Categories: Parenting

Top 5 Tricks Kids Play Before Bed: What to Watch For, How to Win

I love my children dearly. They are excellent kids by today’s standards. They are five and eight years old and have never thrown tantrums in public, play well with others, don’t bully and are generally helpful and respectful to all adults they come across. But they hate to go to bed.

They’ve never really liked going to bed. I don’t really know too many kids that enjoy the bedtime experience. These are the top 5 I’ve heard in my house and my relative’s homes. I can’t guarantee that every solution I found works with your kids, but they work with mine.

1. “I’m still hungry.” I love this one. The kids wouldn’t particularly finish their dinner and needed nothing else to eat for the next two hours. However, when it was bedtime, Darfur has nothing on their stomachs. You can see them slowly come down the stairs and hallway (as if they were sneaking); hands on stomach, eyes squinted in order to achieve the look of starvation. “I’m so hungry, daddy.” Awww. Don’t you just want to feed the lil’ guy an extra hamburger?

What’s amazing is how two crackers can solve that pain of starvation. Yes, two crackers and a small cup of water. There, that did it. After a few nights of this, we made it particularly clear that no playing and no dessert were going to happen if all the dinner wasn’t eaten. “No one gets dessert without a clean plate. And dessert is the last thing you eat tonight or you don’t get any tomorrow.” Dessert was usually a mint or small scoop of light ice cream.

This staved off the “hunger” pains throughout the night because what child doesn’t want dessert TWO nights in a row? Another end to the trick was that extra serving of side the kids didn’t like. More peas? “No, I’m full.” “Good. That means you shouldn’t be hungry anymore tonight since you had no room for peas.” Logic is a wonderful tool.

2. “There’s a monster in my closet!” Really? All the way in the closet? THAT closet? The same one you were playing hide-and-seek in yesterday? Monsters don’t live in my kids’ closets. They used to, until their giant stuffed gorilla/dog/teddy bear sat in the closet, facing the kids’ beds. He was a watchful, protective animal and wouldn’t dare let a monster get into a closet! And no bad monsters live in there since Monsters, Inc. came out.

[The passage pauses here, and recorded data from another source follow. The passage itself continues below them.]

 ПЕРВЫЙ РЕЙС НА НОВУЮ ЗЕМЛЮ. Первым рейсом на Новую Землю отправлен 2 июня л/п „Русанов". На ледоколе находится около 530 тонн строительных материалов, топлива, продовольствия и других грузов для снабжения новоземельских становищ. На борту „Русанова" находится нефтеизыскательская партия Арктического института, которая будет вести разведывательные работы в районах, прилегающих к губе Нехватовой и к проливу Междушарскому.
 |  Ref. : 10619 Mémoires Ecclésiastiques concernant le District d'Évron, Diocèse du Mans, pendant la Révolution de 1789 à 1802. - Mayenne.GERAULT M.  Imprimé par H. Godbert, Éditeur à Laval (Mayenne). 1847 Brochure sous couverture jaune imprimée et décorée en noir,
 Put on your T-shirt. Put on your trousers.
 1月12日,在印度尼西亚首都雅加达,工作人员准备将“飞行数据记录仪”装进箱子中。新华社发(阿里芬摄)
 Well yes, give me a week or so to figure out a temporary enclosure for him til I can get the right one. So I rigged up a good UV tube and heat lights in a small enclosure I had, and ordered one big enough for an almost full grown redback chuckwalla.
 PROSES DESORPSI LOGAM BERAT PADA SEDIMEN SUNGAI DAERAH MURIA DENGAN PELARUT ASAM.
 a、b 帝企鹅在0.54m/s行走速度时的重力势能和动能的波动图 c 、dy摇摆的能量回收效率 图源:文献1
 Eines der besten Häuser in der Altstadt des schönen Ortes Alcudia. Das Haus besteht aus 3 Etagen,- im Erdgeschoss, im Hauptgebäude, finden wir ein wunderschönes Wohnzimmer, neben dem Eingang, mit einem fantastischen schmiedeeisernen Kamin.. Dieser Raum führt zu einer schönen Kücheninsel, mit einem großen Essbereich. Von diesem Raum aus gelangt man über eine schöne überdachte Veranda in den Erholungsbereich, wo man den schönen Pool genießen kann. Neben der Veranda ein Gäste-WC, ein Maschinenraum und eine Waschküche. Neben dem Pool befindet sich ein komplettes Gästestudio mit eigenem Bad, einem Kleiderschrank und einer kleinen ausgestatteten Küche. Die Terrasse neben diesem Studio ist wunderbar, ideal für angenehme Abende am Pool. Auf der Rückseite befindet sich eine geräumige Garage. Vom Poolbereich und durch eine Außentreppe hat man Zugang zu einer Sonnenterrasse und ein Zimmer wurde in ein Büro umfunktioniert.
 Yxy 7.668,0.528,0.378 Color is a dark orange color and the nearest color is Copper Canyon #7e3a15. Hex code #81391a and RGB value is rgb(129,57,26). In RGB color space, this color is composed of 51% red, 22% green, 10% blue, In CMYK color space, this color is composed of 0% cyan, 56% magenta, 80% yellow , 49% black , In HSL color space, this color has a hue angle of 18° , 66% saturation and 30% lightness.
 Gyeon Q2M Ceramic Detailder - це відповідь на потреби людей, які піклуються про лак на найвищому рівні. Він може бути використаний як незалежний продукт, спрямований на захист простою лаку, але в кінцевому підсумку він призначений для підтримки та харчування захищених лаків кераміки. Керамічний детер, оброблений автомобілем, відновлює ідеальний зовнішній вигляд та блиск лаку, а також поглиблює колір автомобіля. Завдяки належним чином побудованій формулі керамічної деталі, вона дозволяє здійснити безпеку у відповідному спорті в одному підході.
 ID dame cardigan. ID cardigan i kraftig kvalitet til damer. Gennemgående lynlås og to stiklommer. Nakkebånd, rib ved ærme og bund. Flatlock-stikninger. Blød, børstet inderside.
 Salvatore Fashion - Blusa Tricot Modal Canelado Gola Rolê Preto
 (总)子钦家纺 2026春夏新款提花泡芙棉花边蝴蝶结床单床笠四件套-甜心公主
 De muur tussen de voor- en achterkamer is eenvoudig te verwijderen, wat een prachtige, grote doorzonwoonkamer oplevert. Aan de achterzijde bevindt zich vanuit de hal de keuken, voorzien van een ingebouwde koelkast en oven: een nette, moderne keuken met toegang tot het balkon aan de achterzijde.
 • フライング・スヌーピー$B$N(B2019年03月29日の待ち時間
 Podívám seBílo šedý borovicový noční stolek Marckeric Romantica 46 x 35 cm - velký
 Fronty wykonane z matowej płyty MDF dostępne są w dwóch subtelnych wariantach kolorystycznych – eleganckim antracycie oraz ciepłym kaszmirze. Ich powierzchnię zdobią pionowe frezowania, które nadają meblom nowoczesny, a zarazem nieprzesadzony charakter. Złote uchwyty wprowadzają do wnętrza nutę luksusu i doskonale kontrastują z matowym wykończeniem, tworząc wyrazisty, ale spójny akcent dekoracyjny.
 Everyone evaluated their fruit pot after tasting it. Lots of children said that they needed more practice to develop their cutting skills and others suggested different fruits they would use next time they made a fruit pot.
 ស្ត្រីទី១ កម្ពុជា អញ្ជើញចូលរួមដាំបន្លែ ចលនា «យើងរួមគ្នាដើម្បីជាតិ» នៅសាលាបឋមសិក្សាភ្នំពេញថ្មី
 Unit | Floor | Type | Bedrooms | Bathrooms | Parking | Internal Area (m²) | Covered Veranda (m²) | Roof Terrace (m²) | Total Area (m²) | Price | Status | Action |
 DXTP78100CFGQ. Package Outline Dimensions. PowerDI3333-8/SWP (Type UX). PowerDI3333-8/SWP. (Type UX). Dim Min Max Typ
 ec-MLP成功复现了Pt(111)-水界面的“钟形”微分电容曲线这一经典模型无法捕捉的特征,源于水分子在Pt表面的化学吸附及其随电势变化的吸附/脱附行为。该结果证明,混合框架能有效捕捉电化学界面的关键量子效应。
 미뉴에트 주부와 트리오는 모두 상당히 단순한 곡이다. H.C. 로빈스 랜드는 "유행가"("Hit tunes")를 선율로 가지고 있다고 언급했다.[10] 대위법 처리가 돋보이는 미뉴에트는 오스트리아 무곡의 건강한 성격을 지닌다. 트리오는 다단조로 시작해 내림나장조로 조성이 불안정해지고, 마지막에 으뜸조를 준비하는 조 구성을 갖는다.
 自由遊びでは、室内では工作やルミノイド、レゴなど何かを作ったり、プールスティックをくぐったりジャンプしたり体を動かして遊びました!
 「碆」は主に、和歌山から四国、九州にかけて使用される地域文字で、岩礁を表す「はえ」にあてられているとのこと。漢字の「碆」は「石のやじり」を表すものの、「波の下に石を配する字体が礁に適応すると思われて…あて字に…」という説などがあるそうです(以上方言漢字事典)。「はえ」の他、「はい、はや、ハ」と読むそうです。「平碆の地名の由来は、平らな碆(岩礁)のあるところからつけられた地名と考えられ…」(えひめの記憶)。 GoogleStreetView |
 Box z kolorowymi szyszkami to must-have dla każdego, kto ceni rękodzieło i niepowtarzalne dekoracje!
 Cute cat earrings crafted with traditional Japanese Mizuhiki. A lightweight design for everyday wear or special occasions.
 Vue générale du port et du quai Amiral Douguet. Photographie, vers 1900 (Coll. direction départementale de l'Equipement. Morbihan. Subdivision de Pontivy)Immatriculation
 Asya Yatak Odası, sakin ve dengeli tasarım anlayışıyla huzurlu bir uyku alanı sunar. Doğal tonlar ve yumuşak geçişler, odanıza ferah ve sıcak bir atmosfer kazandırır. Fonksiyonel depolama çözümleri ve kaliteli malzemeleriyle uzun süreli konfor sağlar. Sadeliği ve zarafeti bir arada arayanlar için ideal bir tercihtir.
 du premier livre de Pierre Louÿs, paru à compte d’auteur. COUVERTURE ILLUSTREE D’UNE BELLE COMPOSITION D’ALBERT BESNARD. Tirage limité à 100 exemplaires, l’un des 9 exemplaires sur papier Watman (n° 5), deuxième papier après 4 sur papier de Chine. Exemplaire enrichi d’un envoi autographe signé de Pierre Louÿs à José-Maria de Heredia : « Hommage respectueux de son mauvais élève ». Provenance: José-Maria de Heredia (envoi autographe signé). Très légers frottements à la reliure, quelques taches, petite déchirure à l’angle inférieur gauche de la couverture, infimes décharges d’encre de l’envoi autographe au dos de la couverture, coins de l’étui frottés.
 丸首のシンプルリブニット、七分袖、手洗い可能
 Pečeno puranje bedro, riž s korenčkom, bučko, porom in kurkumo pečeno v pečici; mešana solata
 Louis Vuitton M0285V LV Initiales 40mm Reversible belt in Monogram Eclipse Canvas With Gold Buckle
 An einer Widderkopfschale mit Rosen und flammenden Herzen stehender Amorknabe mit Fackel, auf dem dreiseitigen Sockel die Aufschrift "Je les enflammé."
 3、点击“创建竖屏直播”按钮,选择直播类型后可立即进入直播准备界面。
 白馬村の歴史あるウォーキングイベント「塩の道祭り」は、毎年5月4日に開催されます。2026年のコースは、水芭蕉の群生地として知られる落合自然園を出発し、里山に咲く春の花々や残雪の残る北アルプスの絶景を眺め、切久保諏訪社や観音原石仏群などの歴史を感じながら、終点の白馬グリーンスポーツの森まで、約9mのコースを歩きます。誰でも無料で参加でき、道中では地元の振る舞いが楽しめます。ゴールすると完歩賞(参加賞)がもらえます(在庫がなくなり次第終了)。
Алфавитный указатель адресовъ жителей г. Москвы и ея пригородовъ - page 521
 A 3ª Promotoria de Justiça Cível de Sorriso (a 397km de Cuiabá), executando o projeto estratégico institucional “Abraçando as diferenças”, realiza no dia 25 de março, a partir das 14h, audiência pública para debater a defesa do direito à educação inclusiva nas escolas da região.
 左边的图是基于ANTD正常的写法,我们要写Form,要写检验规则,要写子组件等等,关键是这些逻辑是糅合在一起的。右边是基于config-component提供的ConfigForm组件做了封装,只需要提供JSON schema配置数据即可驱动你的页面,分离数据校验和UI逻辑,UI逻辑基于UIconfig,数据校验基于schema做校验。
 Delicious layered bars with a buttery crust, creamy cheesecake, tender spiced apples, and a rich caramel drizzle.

3. “It’s too hot! It’s too cold!” 90% of the time the temperature isn’t an issue that is real. If you have central air, just turn on the fan option. It at least “sounds” like you did something about the temperature. Make sure there is a blanket nearby for the “cold”, and tell them to just wear underwear and a t-shirt if it’s hot.

4.”But daddy, I didn’t get to (insert random event here)” What was your child doing for two hours before it was bedtime? Probably playing, or watching TV, or just plain having fun. In fact, I bet he or she chose what method of “fun” your child was having. My kids are big into healing some traumatic paper cut right at bedtime.

I used to give in, remembering the times I got hurt playing outside. But then I thought: why wasn’t that bruise thumping during SpongeBob SquarePants? And how come that finger wasn’t sore on the monkey bars for thirty minutes straight? I’ve been able to squash most of it with this simple statement: “you’re going to bed in two hours. If you need anything, now is the time to do it.”

5. “We forgot to brush our teeth/take a bath/performed general hygeine.” This one, parents, is on you. I could never fault a child for not taking a bath or brushing their teeth before bedtime. And what a perfect opportunity to stall! You have to be proactive and participate. The more routine there is for getting them ready for bed, the better off things will be for you. You won’t have that stinky kid with bad breath at school.

Handling these situations with little tweaks and logic will help your child develop into more responsible children. They will get used to routine and making choices. Did they really want to read a story? Then they will ask earlier next time. Are they truly, truly hungry at bedtime?

I’ve never met a normal child who died in their sleep from not eating enough of ONE dinner, but I’ve seen many wolf down a stack of pancakes the next morning. When your kids learn the outcomes of choices, they’ll drift into making better ones. Besides, it makes them think they are in control, just like when they tried all those bedtime tricks.